Europe denies UK air pollution delay
28 June 2012 | Alan Bouquet | Carbon management, Europe
The EU could now impose fines on the UK for breaching its air quality targets, after the government proposal to delay air pollution improvements in 12 UK cities was declined by the EU. The UK has been slow in cutting its emission of NO2, which contributes towards acid rain and causes respiratory problems in humans. It also causes ozone layer depletion.
The emissions largely come from vehicles and can cause both heart and lung problems for some people. Government statistics have also revealed the emissions reduce life expectancy by up to eight months in the UK. London is the worst offender in terms of air quality, and is ranked as the poorest of all European capitals, but many other regions of the UK are also not meeting their emissions targets, and according to the government, are unlikely to meet their targets before the 2015 deadline.
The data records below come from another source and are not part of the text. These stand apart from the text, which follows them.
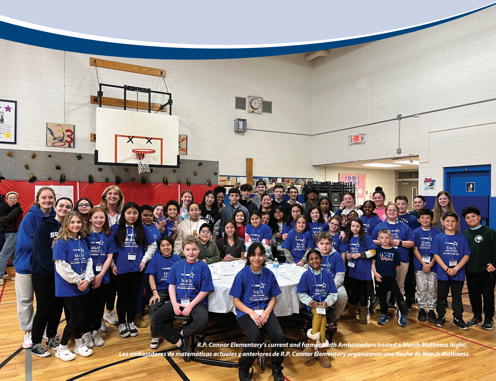
R.P. Connor Elementary's current and former Math Ambassadors hosted a March Mathness Night. Los embajadores de matemáticas actuales y anteriores de R.P. Connor Elementary organizaron una Noche de March Mathness.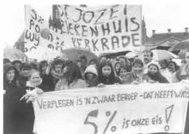
Verpleegkundigen uit geheel Limburg togen medio maart in het kader van een landelijke actie naar het Vrijthof voor het houden van een massale demonstratie met als inzet een loonsverhoging van vijf procent.

Eveneens voor 1990 zwengelden B en W een fusie aan van de kinderopvangverblijven in de stad. Door het vormen van één centrale instelling, ondergebracht in een stichting, zal er als voortvloeisel van de wet Oort aanzienlijk meer subsidie beschikbaar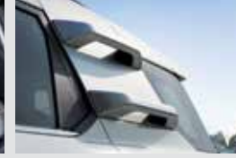
루프 클라이밍 핸들(원톤/투톤) 300,000원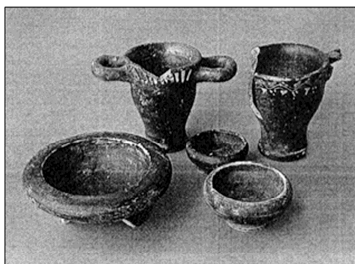
Fig. 4 . Cales . Materiali votivi dall'area sacra di Ponte delle Monache (da PASSARO 1993a, 57, figg. 48-50).

Marica presso Minturnae 30 - statuine rudemente plasmate, aera rudia - il quale sembra, al momento, risolversi nella fase ausone (VII-VI sec. a.C.).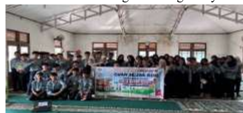
Gambar 11. Pelaksanaan kegiatan sosialisasi di mushola SMP Negeri 4 Sungai Raya

Secara umum, kegiatan sosialisasi ini telah memberikan dampak positif terhadap peningkatan pemahaman siswa. Pre-test dan post-test menjadi

Despite the calls for a delay on action over the issue, the UK government has recognised the importance of cutting air pollution. Its own figures give the cost to the economy at around £20billion, more than obesity, but less than smoking. It is clear that the main reason for non-compliance is one of cost. To change the emission patterns of such a large swathe of the UK’s urban areas would be an expensive process, and despite the long term health benefits, the short term costs are likely to be more than the cash strapped government can currently bear.
There are however, some plans in the pipeline to improve the situation; it is hoped that a new nationwide network of low-emission zones, much like those in Germany, could be implemented. With a fine for the country now looking inevitable, it seems a low-emission network is the most logical solution.